## Work task
Can you write out every line from the start of the records below through the line containing "白宫证实,此前唐纳德·J·特", leaving out any pictures?

(Stored records)
:::

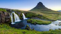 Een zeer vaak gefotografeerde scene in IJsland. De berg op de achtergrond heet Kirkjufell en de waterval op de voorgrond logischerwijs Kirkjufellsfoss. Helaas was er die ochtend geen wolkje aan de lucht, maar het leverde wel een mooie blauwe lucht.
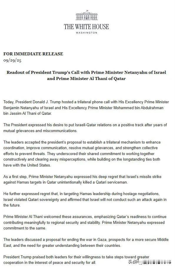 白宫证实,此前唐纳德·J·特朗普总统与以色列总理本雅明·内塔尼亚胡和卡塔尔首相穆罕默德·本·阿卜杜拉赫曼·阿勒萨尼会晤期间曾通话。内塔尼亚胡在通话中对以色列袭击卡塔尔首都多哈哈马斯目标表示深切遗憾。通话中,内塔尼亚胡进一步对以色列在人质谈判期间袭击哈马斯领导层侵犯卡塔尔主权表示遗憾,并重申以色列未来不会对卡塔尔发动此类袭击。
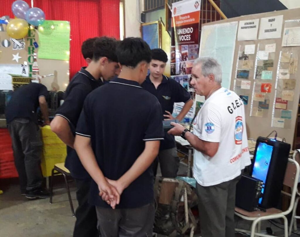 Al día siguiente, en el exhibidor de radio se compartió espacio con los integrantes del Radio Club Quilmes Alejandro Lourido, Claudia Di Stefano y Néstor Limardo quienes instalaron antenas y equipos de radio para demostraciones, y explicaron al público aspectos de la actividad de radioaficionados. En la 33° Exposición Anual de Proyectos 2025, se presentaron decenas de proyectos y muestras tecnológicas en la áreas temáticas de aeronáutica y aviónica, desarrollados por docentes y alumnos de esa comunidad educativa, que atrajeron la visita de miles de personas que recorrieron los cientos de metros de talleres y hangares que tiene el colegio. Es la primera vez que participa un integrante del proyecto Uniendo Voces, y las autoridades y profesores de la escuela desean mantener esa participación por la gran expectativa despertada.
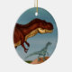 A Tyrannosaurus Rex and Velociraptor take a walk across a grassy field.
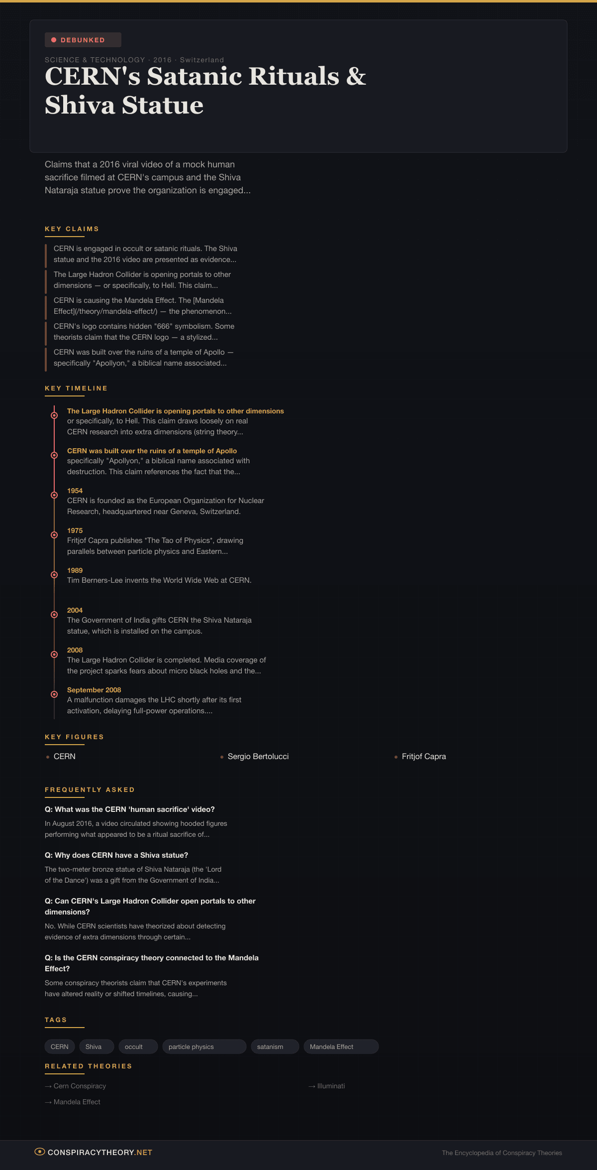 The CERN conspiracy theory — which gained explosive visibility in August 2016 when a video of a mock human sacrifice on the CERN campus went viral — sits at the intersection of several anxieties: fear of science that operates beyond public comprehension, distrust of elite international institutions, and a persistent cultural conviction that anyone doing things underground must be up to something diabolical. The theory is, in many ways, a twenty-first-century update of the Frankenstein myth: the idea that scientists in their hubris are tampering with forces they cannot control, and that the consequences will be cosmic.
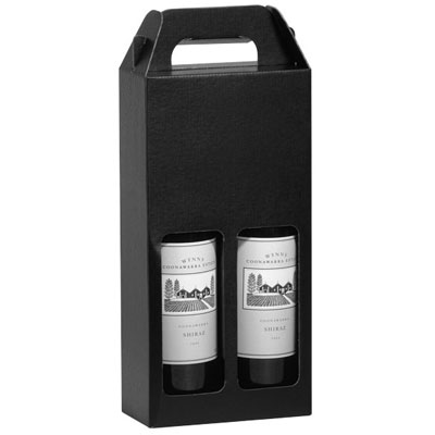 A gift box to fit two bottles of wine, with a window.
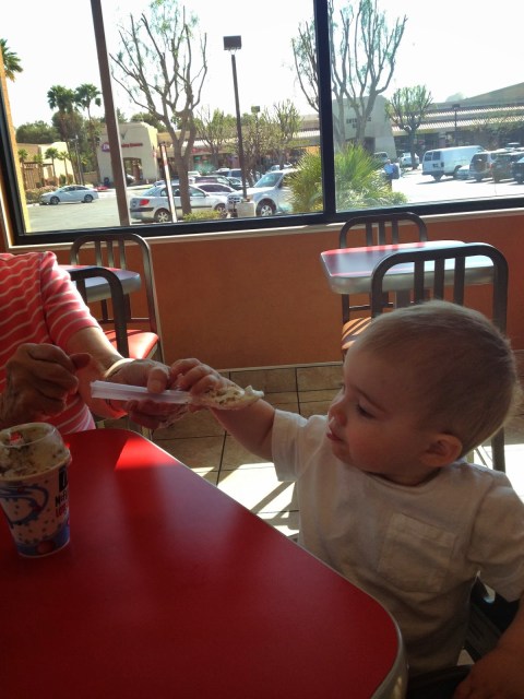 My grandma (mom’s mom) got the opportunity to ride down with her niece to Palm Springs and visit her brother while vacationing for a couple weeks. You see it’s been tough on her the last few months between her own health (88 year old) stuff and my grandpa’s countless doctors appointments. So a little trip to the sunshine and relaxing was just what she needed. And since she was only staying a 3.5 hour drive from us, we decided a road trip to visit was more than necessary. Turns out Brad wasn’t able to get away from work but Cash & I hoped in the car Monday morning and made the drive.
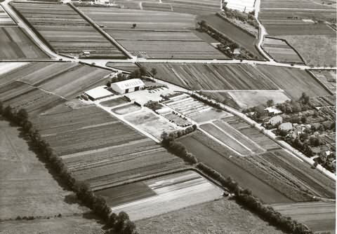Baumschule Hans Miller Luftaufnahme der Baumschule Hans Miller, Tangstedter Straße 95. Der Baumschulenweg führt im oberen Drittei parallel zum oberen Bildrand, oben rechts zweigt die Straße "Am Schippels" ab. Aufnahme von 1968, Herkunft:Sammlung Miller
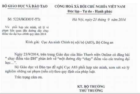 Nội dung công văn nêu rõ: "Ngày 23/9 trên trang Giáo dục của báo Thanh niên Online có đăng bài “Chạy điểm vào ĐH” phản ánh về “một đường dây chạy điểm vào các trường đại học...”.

:::

## Expected answer
 Een zeer vaak gefotografeerde scene in IJsland. De berg op de achtergrond heet Kirkjufell en de waterval op de voorgrond logischerwijs Kirkjufellsfoss. Helaas was er die ochtend geen wolkje aan de lucht, maar het leverde wel een mooie blauwe lucht.
 白宫证实,此前唐纳德·J·特朗普总统与以色列总理本雅明·内塔尼亚胡和卡塔尔首相穆罕默德·本·阿卜杜拉赫曼·阿勒萨尼会晤期间曾通话。内塔尼亚胡在通话中对以色列袭击卡塔尔首都多哈哈马斯目标表示深切遗憾。通话中,内塔尼亚胡进一步对以色列在人质谈判期间袭击哈马斯领导层侵犯卡塔尔主权表示遗憾,并重申以色列未来不会对卡塔尔发动此类袭击。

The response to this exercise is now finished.